Work instruction
Starting at the line where "Collana in argento" occurs, reproduce each line through the end of the entries below exactly. Omit every picture.

Entries taken from a collection

-=-=-

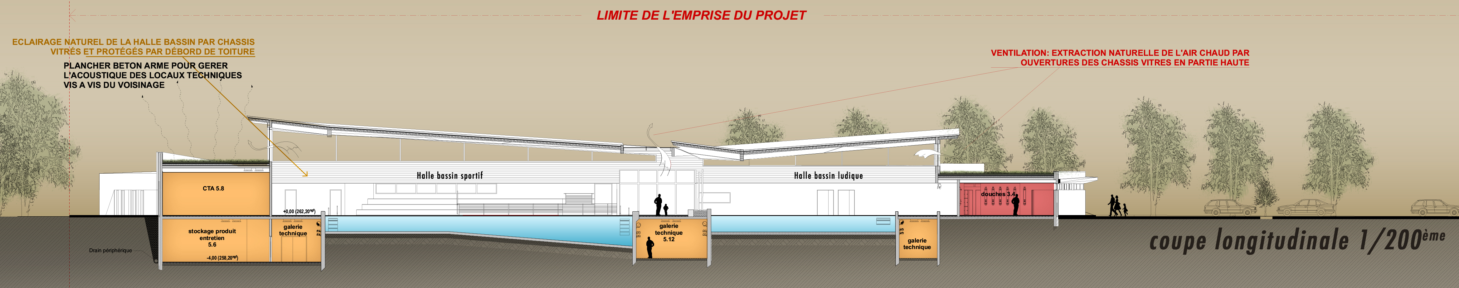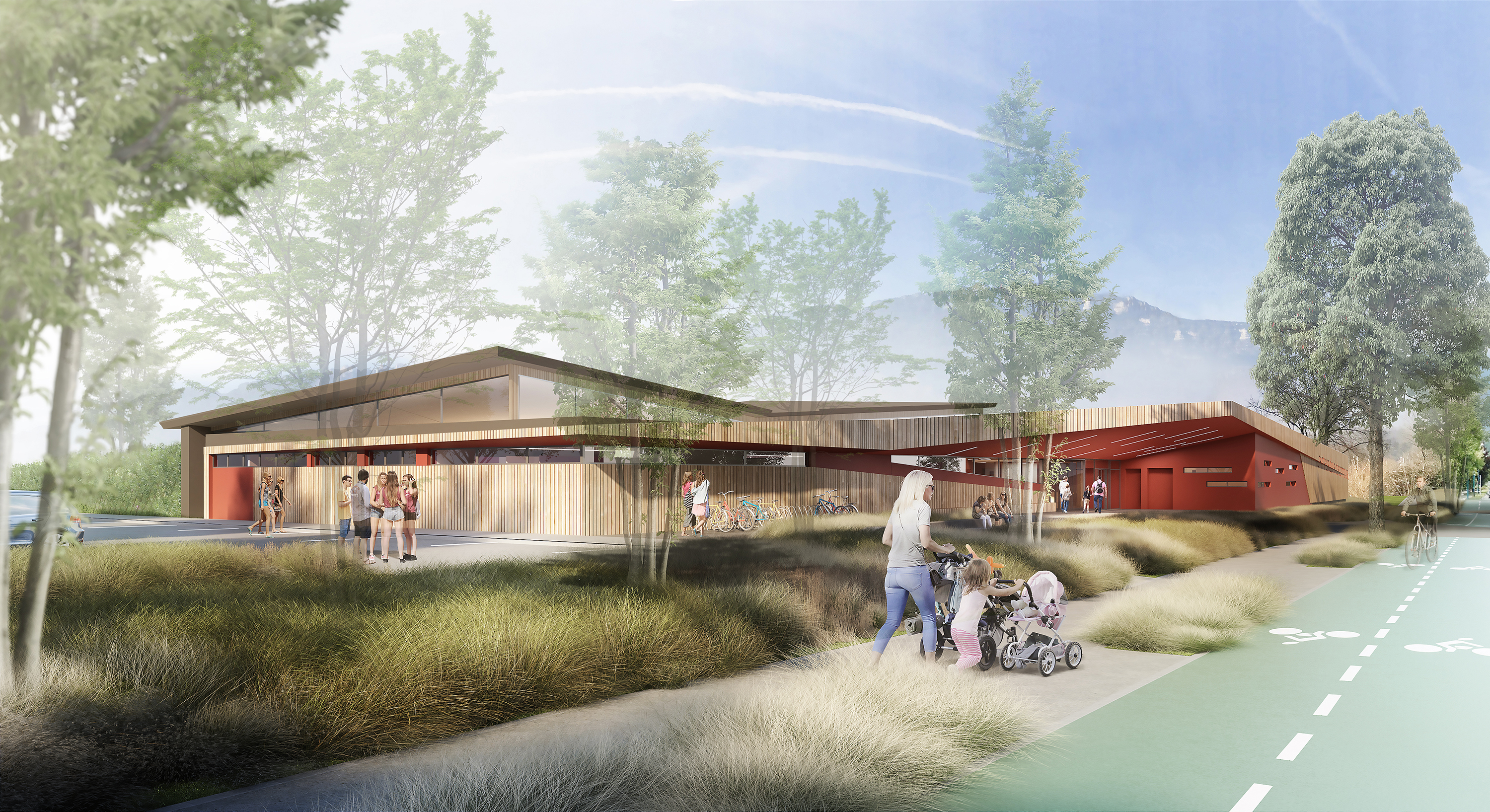 Le Centre nautique intercommunal du Grésivaudan se veut être un lien structurant entre son territoire, la ville de Pontcharra qui l'accueille et le grand paysage. L'implantation du bâtiment a été choisie avec la volonté d'allier : l'exposition au soleil des façades, la conservation des vues lointaines sur Belledonne et Chartreuse, la création d'un espace paysager agréable, l'organisation des accès pour sécuriser les flux piétons et voitures. La facilité d'accès et d'usage ont été vecteurs d'une architecture accueillante et signaux de l'ambition d'un nouvel équipement à destination de tous.
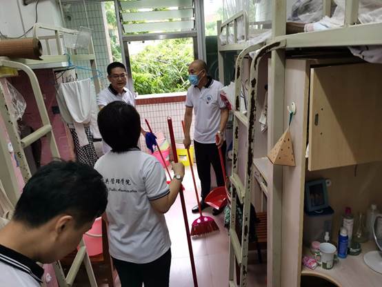 为了给毕业生返校后舒适、整洁的环境,云顶国际vip.888党政领导班子组织教工党员开展“爱国卫生”志愿服务主题党日活动。虽然近期高温闷热,暴雨连连,员工宿舍已经半年没人居住,宿舍卫生清洁工作难度较大,但教工党员们热情高涨,撸起袖子,卷起裤脚,说干就干,尽自己的最大努力给毕业生们一个清洁、干净的宿舍环境。
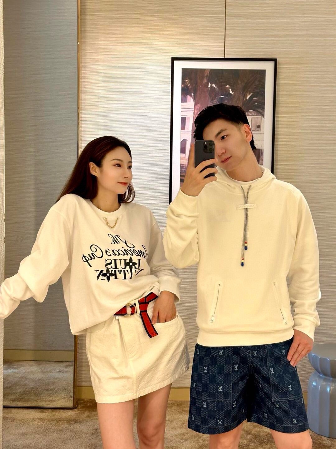 NIGO Louis Vuitton Men's Fall/Winter White Hooded Drawstring Logo Long Sleeve Sweatshirt Pullover #nigo72888
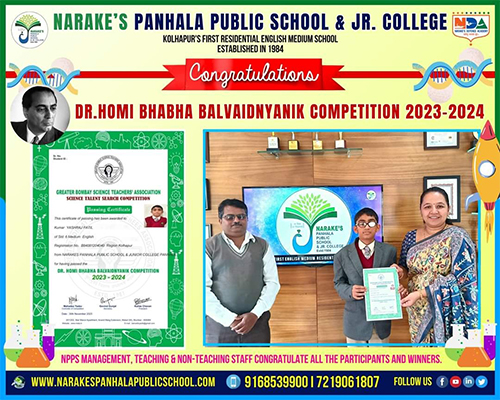 We are thrilled to share the incredible news that one of our bright stars, Mast. Yashraj Patil from std-6th, has achieved a Certificate in the prestigious Homi Bhabha Balvaidnyanik Competition 2023-2024 held at Usha Raje Girls High School, Kolhapur!
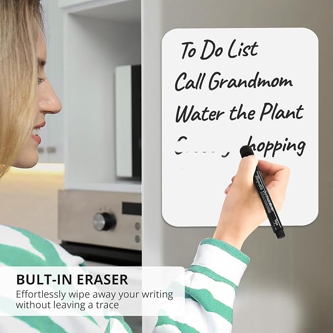 - Built-In Erasers—Mess-free writing at your fingertips! Each marker features a built-in eraser, letting you make quick corrections without a fuss. Wipe away mistakes instantly, leaving no trace behind.
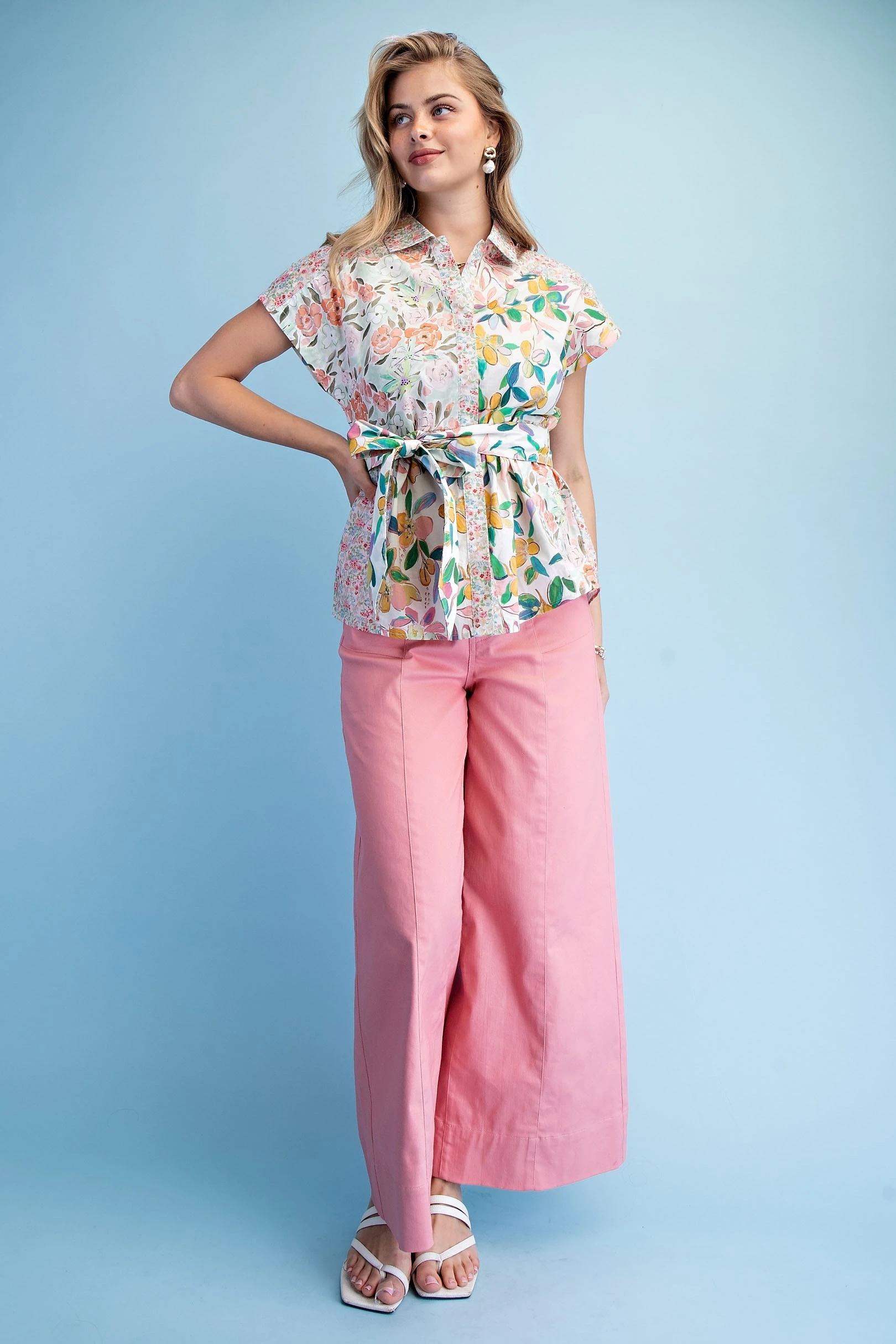 Washed Satin Wide Legged Pants with Waist Smocking
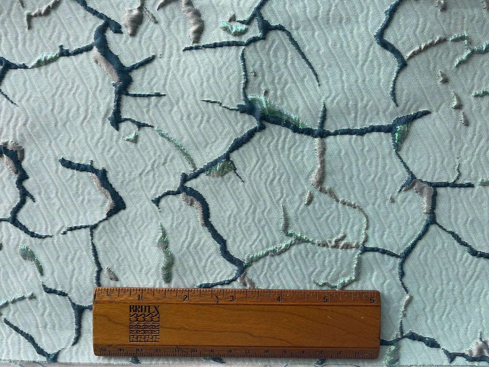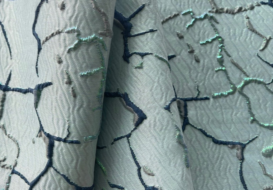 A metallic polyester blend brocade in an organic pattern reminiscent of branches and twigs in textured, iridescent wintergreen, aqua, and peacock on a pistachio background - this stunning brocade would be fabulous for special occasion dresses, an evening coat, hostess skirts, or tops. Made in Italy. Polyester and acrylic. 57" wide
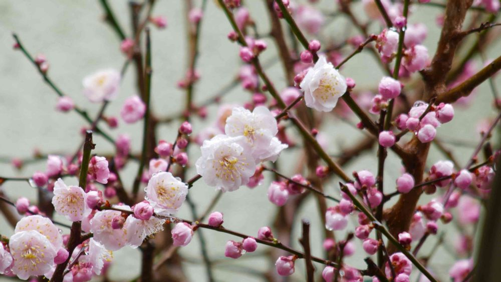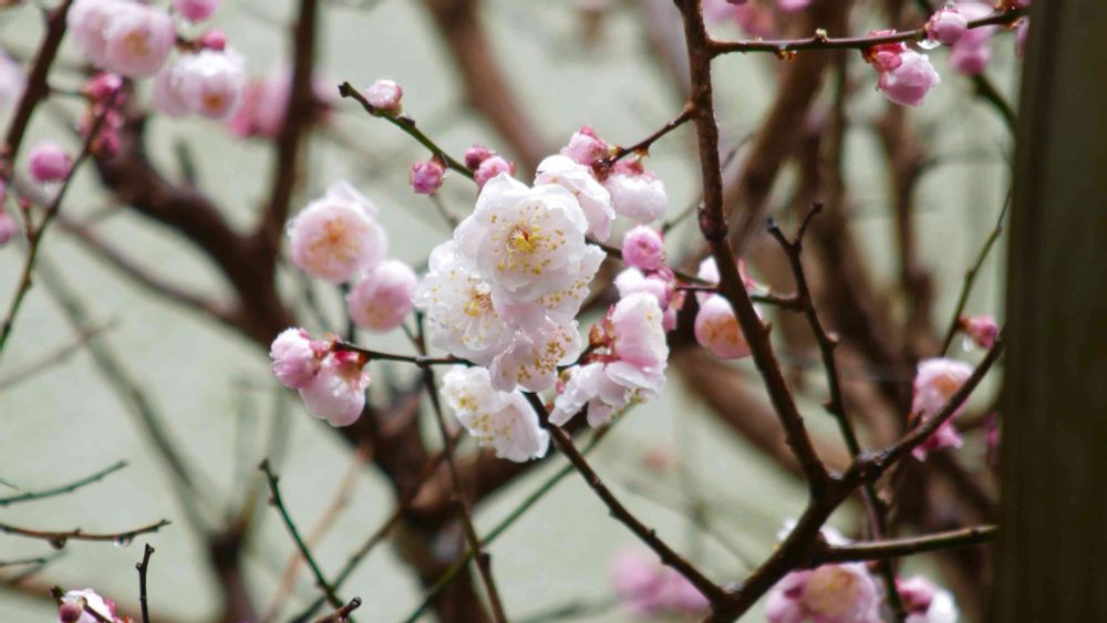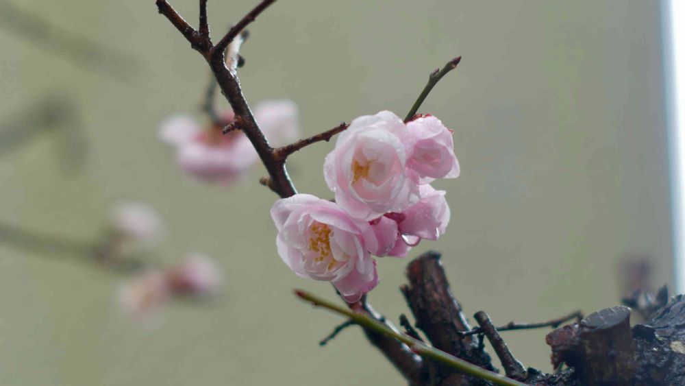 朝から冷たい雨が降る三連休初日、どこにも行けませんでしたが、庭の梅の花は咲き始めていました。
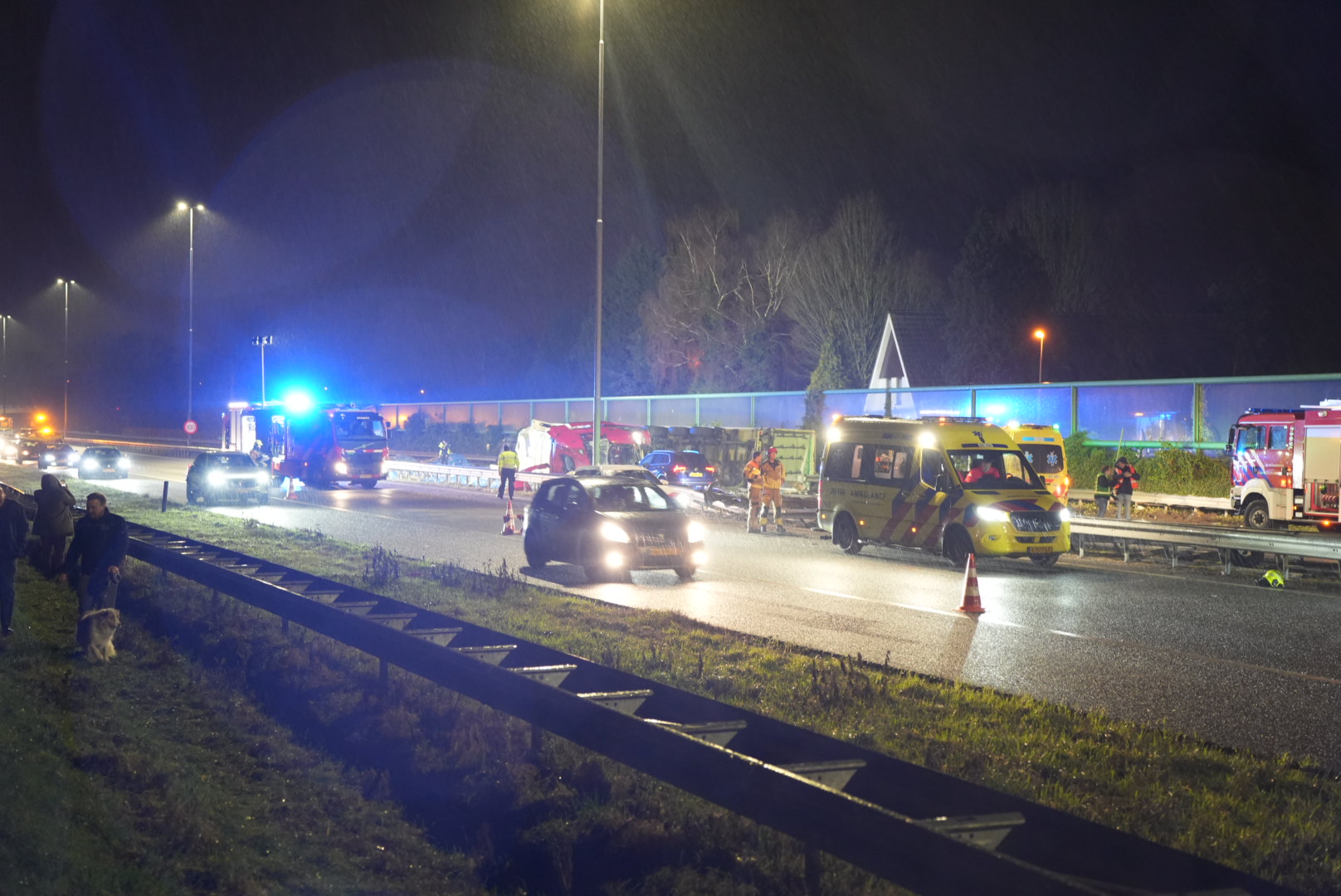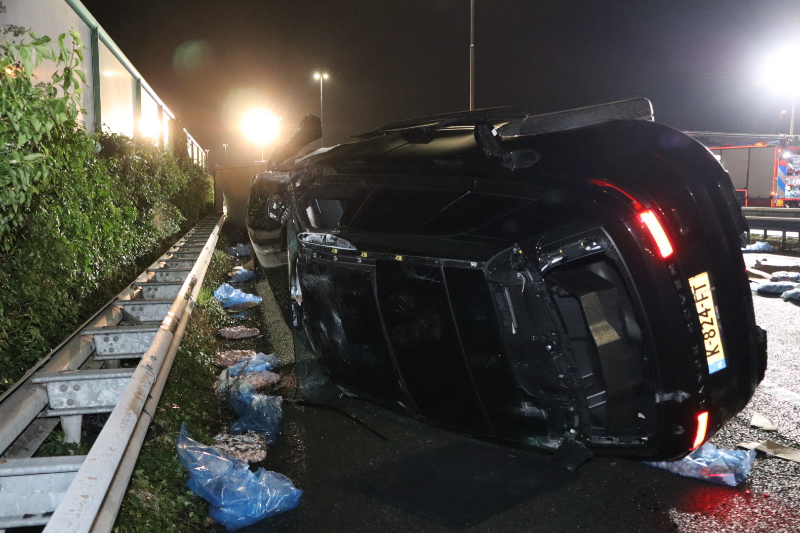 De politie heeft twee mannen uit de Range Rover aangehouden en meldt dat er verboden middelen in de auto lagen. De afsluiting van de snelweg wordt tot zondagochtend verwacht, met verkeer richting Den Bosch dat via de vluchtstrook wordt geleid.
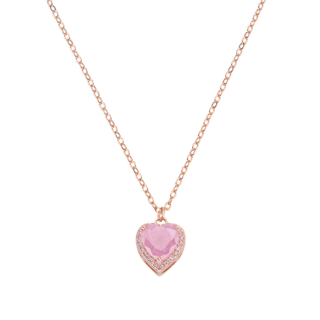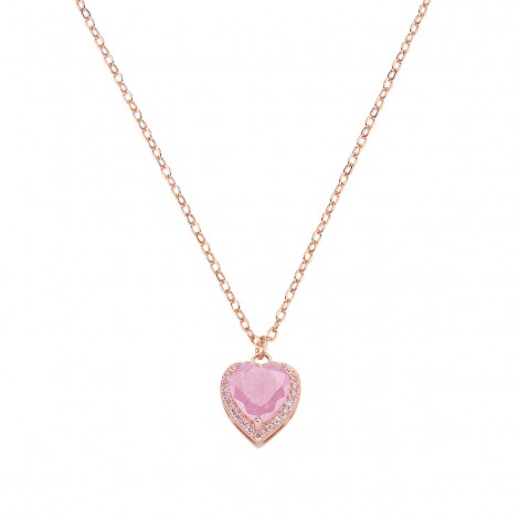 Collana in argento rosè con pietra rosa a forma di cuore pendente
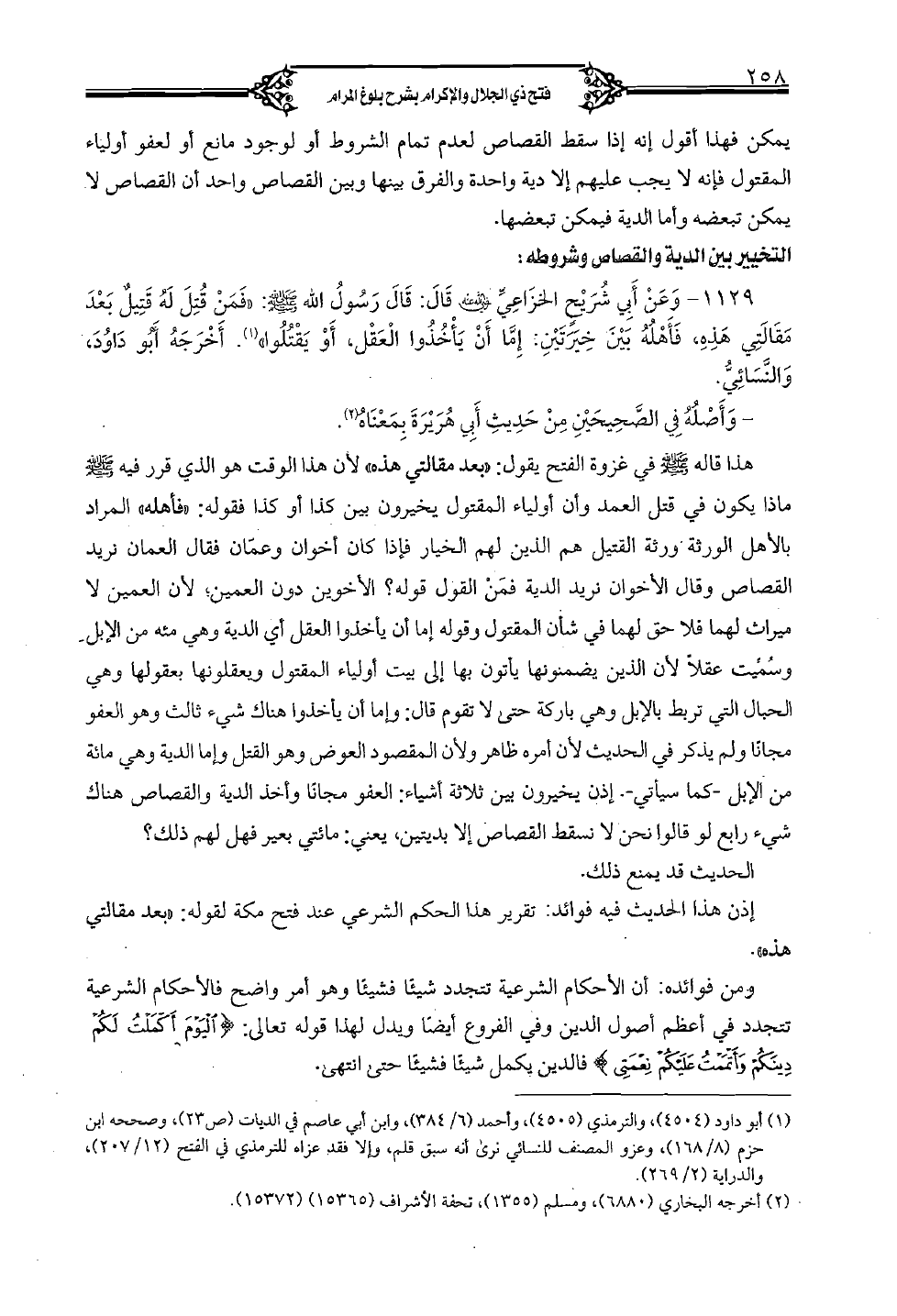 1129 - وعن ابن شريح الخزاعي رضي الله عنه قال: قال رسول الله صلى الله عليه وسلم: "فمن قتل له قتيل بعد مقالتي هذه، فأهله بين خيرتين: إما أن يأخذوا العقل، أو يقتلوا". أخرجه أبو داود، والنسائي.

-=-=-

Written reply
 Collana in argento rosè con pietra rosa a forma di cuore pendente
 1129 - وعن ابن شريح الخزاعي رضي الله عنه قال: قال رسول الله صلى الله عليه وسلم: "فمن قتل له قتيل بعد مقالتي هذه، فأهله بين خيرتين: إما أن يأخذوا العقل، أو يقتلوا". أخرجه أبو داود، والنسائي.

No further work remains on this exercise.